Records contained in a dataset:
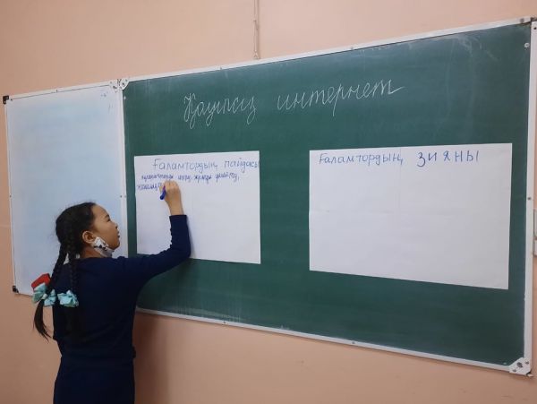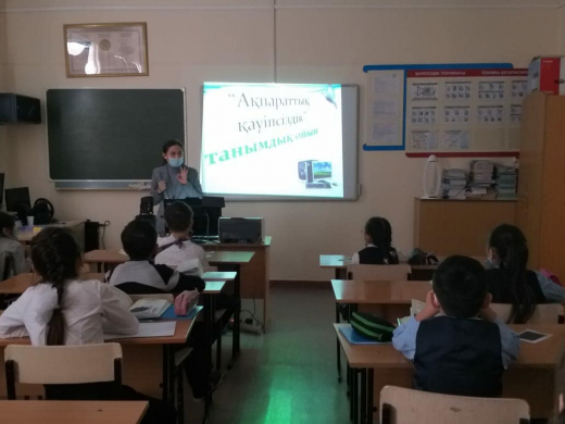 4Ә сынып оқушыларымен "Қауіпсіз ғаламтор" атты танымдық сабақ өтті. Сабақта оқушылар ғаламтордың пайдасы мен зияны туралы мәліметтер алып, өз ойларын ортаға салды.
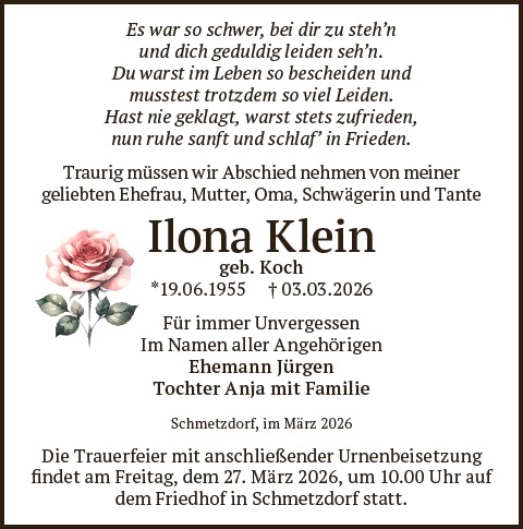Zünden Sie eine Kerze für Ilona Klein an und schreiben Sie Ihre ganz persönlichen Abschiedsworte.
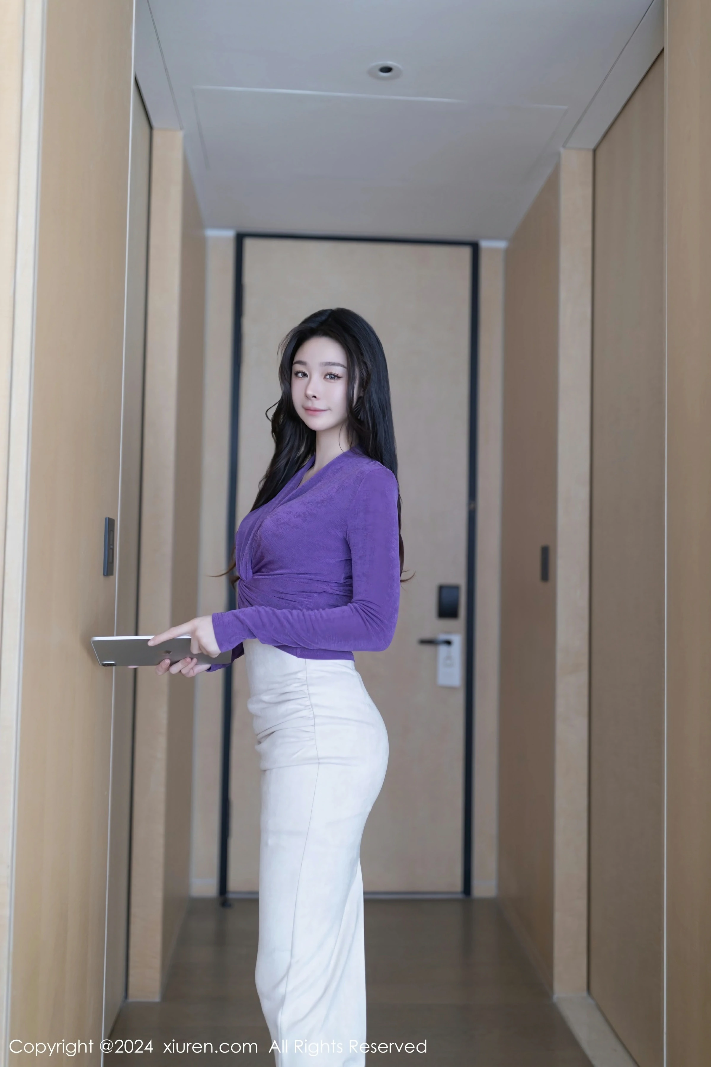 这次写真中,@小逗逗穿着一件性感的紫色上衣搭配白色裙子,展现出一种高贵典雅的气质。紫色的上衣彰显出她不羁中的神秘感,而白色的裙子则散发出一种清新与纯净的美。整体搭配让人眼前一亮,不禁让人期待着更多@小逗逗的惊喜。
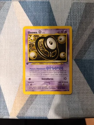 Carta Pokémon Unown E, prima edizione. - Potere Pokémon: Enigma - Introforza - Debolezza, Resistenza, Costo di ritirata visibili.
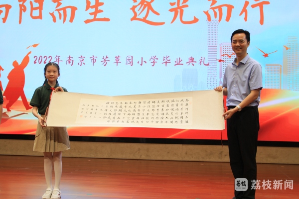 毕业生代表王泽瑞、余蕴如则向学校送上两幅书法作品,“在这幅作品里,既有我们芳草园小学的校训和办学理念,也有我们的特色活动六年百书和能豆豆讲坛,还有咱们高校长的名号。我们特别想把属于学校的一切美好都表达出来,更希望当我们回到母校时,已是功成名就,文经武纬,归来母校夸!”

**EXERCISE REQUIREMENTS**
Pictures in the records above are to be left out of an otherwise exact copy.

**THE COMPLETED TASK**
 4Ә сынып оқушыларымен "Қауіпсіз ғаламтор" атты танымдық сабақ өтті. Сабақта оқушылар ғаламтордың пайдасы мен зияны туралы мәліметтер алып, өз ойларын ортаға салды.
Zünden Sie eine Kerze für Ilona Klein an und schreiben Sie Ihre ganz persönlichen Abschiedsworte.
 这次写真中,@小逗逗穿着一件性感的紫色上衣搭配白色裙子,展现出一种高贵典雅的气质。紫色的上衣彰显出她不羁中的神秘感,而白色的裙子则散发出一种清新与纯净的美。整体搭配让人眼前一亮,不禁让人期待着更多@小逗逗的惊喜。
 Carta Pokémon Unown E, prima edizione. - Potere Pokémon: Enigma - Introforza - Debolezza, Resistenza, Costo di ritirata visibili.
 毕业生代表王泽瑞、余蕴如则向学校送上两幅书法作品,“在这幅作品里,既有我们芳草园小学的校训和办学理念,也有我们的特色活动六年百书和能豆豆讲坛,还有咱们高校长的名号。我们特别想把属于学校的一切美好都表达出来,更希望当我们回到母校时,已是功成名就,文经武纬,归来母校夸!”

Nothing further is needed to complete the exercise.